Editor’s Note: Jane Merrick is a British political journalist and former political editor of the Independent on Sunday newspaper. The opinions expressed in this commentary are hers.

London CNN  — 

One year ago this week, Theresa May delivered a memorably disastrous speech to her party’s annual conference that was a metaphor for her struggling premiership: a heckler handed her the British equivalent of a pink slip, she battled with a persistent cough as she tried to speak, and parts of the set fell apart behind her.

But the UK Prime Minister may be feeling wistful about last year’s accident-prone event when she considers that, thanks to the chaos over Brexit, this conference threatens to be worse – and could even be her last as leader.

A comedian hands Theresa May a P45 during her keynote conference speech in October 2017.

Rivals circle

At the four-day gathering in Birmingham, May will try to reassert her authority over her party, claiming that she is the only person who can deliver Brexit.

The PM will say she alone is the one who has a coherent plan for the UK’s withdrawal from the European Union, which doesn’t impose a hard border between Northern Ireland and the Republic of Ireland, but also allows the country to trade as freely as possible with both Europe and the rest of the world.

This plan, known as Chequers after her country residence where it was approved by the Cabinet in July, is opposed by all factions in her Conservative Party and was rebuffed by EU leaders in Salzburg earlier this month. May has insisted there is no alternative to Chequers – it is either this deal, or none at all.

Up steps, once again, Boris Johnson, who has an annual habit of trying to make the Conservative conference about him more than his leader. Johnson resigned as foreign secretary in July in protest at Chequers, and wants Britain to pursue a Brexit with fewer ties to the EU.

On Friday, he penned a 5,000 word article setting out his alternative plan, calling it “Super Canada,” a model based on that country’s free trade agreement with the EU. Chequers, he wrote makes the “intellectual error of believing we can be half-in, half out” of the EU.

“Super Canada” would mean zero tariffs and zero quotas on all imports and exports between the UK and EU and mutual recognition agreements to ensure standards. By necessity, there would need to be a border in Ireland, the new physical frontline between the UK and the EU – something which Chequers avoids.

Johnson insists this would not mean a hard border – but, using technology, the “extra procedures” necessary would be carried out away from the politically sensitive divide between the two countries.

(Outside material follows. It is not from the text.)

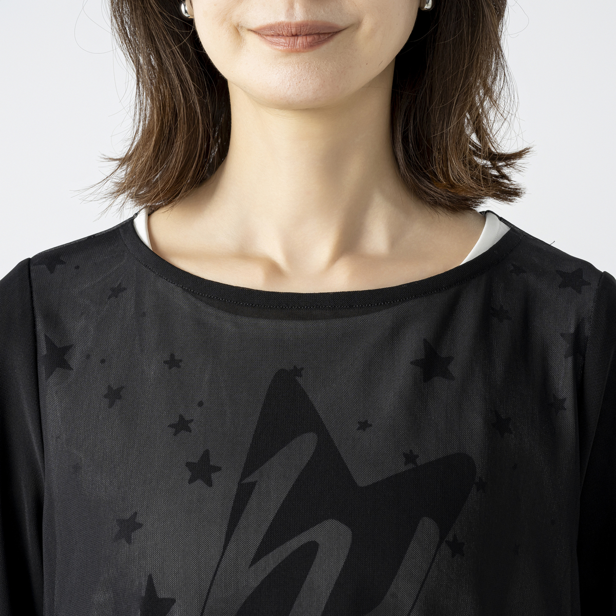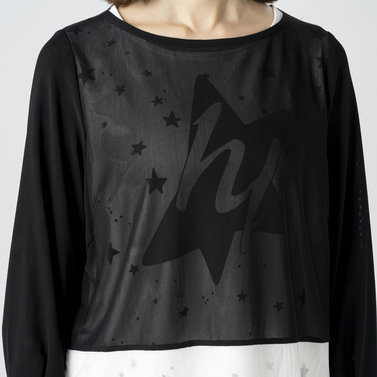 星を散りばめたプリントプルオーバーに、軽やかなチュールを重ねたレイヤードデザイン。遊び心のある一枚です

The intervention by Johnson is designed to ramp up pressure on the Prime Minister to ditch Chequers in favour of a harder Brexit formulation that many in her party want. It is also a scene-setter to portray him, to the Tory party in Birmingham this week, as a leader-in-waiting.

Many Tory MPs – some of whom are former allies of May and not arch-Brexiteers – have openly discussed her handing over power once Brexit takes place on March 29 next year. Johnson is desperate to be regarded as the Brexiteers’ choice for the next leader, but there are many MPs who are opposed to him, and would even leave the Conservative Party should he become Prime Minister.

Boris Johnson's intervention was designed to increase pressure on May ahead of the party conference.

Opposition bides its time

The conference is taking place, therefore, with May’s party at the most divided and fractious it has been for years. By contrast, the opposition Labour Party has just finished its own conference, in Liverpool, having reached a relative point of unity over Brexit.

Labour’s leader, Jeremy Corbyn, has been effectively sitting on the sidelines for more than two years over Brexit, and deliberately so: holding an ambiguous position has alienated neither Labour supporters who voted leave nor remain.

Yet last week, Corbyn stepped into the Brexit debate as he has never done before. He laid out conditions for May’s proposed deal with Brussels, and said if she couldn’t meet them there should be a general election.

The technicalities of a further unscheduled national vote – after last year’s disastrous snap election when May lost her party’s overall Commons majority – mean this is unlikely to happen.

But Corbyn’s intervention, during a week in which left-wing populist measures were also floated by Labour, makes clear he is now ready to do battle with the Prime Minister over Brexit.

Whatever Brexit deal May reaches in November with Brussels negotiators, if there is a deal at all, it is likely to be opposed by the Labour Party in parliament, making a vote of no confidence, and subsequently another election or a second referendum on EU withdrawal, all the more likely.

In Birmingham this coming week, May has little choice but to hold her ground. Until now, she has been fortunate that her opponents have lacked direction over Brexit. But events can unfold quickly at party conferences, and she needs to show authority if she is to ensure it is not her last.